A Terra é responsabilidade de todos que deve ser cuidada ou “simplesmente perdemos a Terra”. Citando o papa, disse que os “recursos da terra se tornaram concurso”, o desafio impõe que os recursos sejam viabilizados para todos. “A mentalidade ecológica é fundamental para anunciar a vida”, acrescentou.

— Estamos perdendo a Terra e este desafio traz para nós, talvez, uma reformulação da Pastoral Familiar unida às propostas sociais de restabelecer o meio ambiente —, apontou.

Mais família

Padre Durán sugeriu que a Pastoral Familiar seja mais familiar e menos conjugal, ao revelar sua preocupação com os grupos onde os filhos não podem participar.

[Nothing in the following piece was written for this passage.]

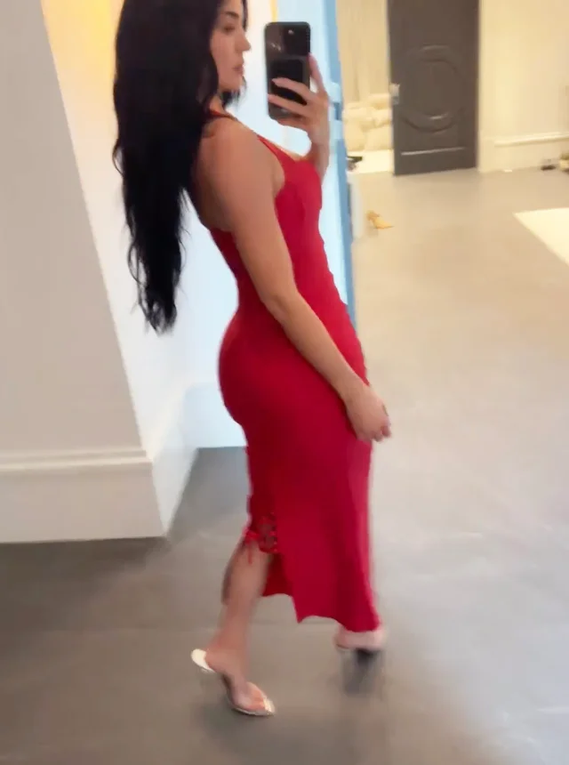 A second mirror selfie showcased the dress’ low-cut neckline as Jenner posed with her dark hair styled in loose waves.

Também apontou o modelo chileno de catequese familiar com o ideal. Nele, quem recebe a catequese são os pais, que preparam filhos em casa.

— Me preocupa, como já foi dito aqui, que a Pastoral Familiar não se preocupe com todas as outras pastorais. E essa renovação vai nos levar talvez ao maior de todos os passos que nós daríamos, uma experiência familiarmente catequizada e evangelizada —, ponderou ao citar o Documento Aparecida, “a evangelização não é intelectiva, a evangelização é afetiva”.

A família é essencial nisto, “porque se aprende a amar em casa”, onde também se aprende a perdoar e a conviver. “Em casa eu tenho meu apelido, ali eu sou reconhecido, ali eu não preciso de sobrenome”.

— Deixe um pouquinho essa abertura para uma Pastoral Familiar cada vez mais familiar e menos incisivamente conjugal.